- Poster
- Directed by: Prakash Mehra
- Written by: S. M. Abbas
- Starring: Shashi Kapoor Babita Ameeta Johnny Walker
- Cinematography: N. Satyen
- Edited by: R. Mahadik
- Music by: Kalyanji Anandji
- Production company: Bakshi Productions
- Release date: 1968;
- Country: India
- Language: Hindi
- Box office: ₹1.9 crore (equivalent to ₹98 crore or US$10 million in 2023)

= Haseena Maan Jayegi =

Hasina Maan Jayegi (lit. 'The Beauty Will Agree') is a 1968 Hindi film directed by Prakash Mehra. The film stars Shashi Kapoor, Babita, Ameeta, Yunus Parvez and Johnny Walker. The film's music, composed by Kalyanji Anandji, has songs which are quite memorable, with the melodious Rafi-Lata duet "Bekhudi Mein Sanam" being the most popular of them all. The film stood 9th in Box office collection for the year 1968. Shooting of the film started with the song "O Dilbar Janiye" at the now defunct Roop Tara studio.

== Plot ==
Archana (Babita) moves to a new city along with her widowed father. In college, she meets Rakesh (Shashi Kapoor), son of her father's friend, who always teases her. She wants to complain about him to the principal, but by mistake she complains about Kamal (Shashi Kapoor) who looks exactly like Rakesh. Kamal was an orphan and is a very decent fellow. Later, she realizes her mistake and Kamal and Archana grow close. But Rakesh wants to marry Archana and always tries to come between them. At last, Archana takes her father's consent to marry Kamal.
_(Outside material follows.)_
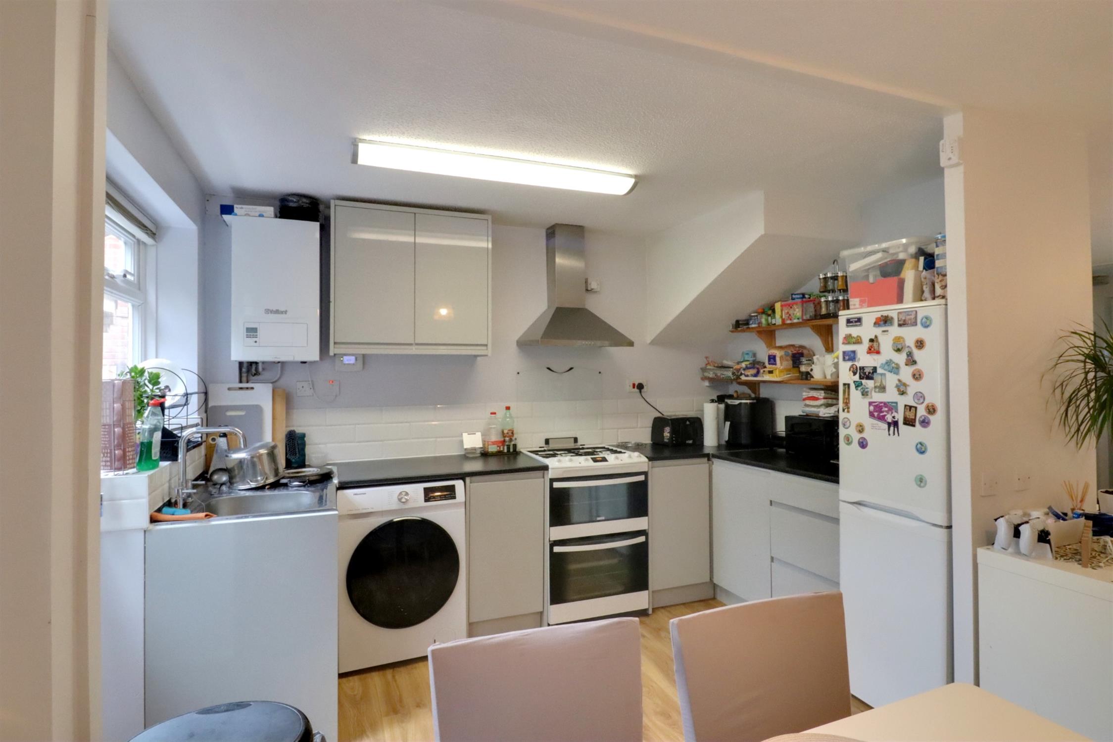 Inset stainless steel sink and drainer. Tiled splashback. Free standing gas cooker with extractor above. Space for Washing Machine and Fridge/Freezer

Rakesh wants to kidnap Kamal and impersonate him to marry Archana. But his henchmen kidnap him thinking that he is Kamal. Archana and Kamal marry and enjoy their honeymoon at her father's estate. Soon war breaks out and Kamal has to leave for the front. To his surprise, Rakesh has also enrolled in the army in the same battalion. One day, when they both are alone, Rakesh starts fighting with Kamal and it carries on till one of them disappears underwater.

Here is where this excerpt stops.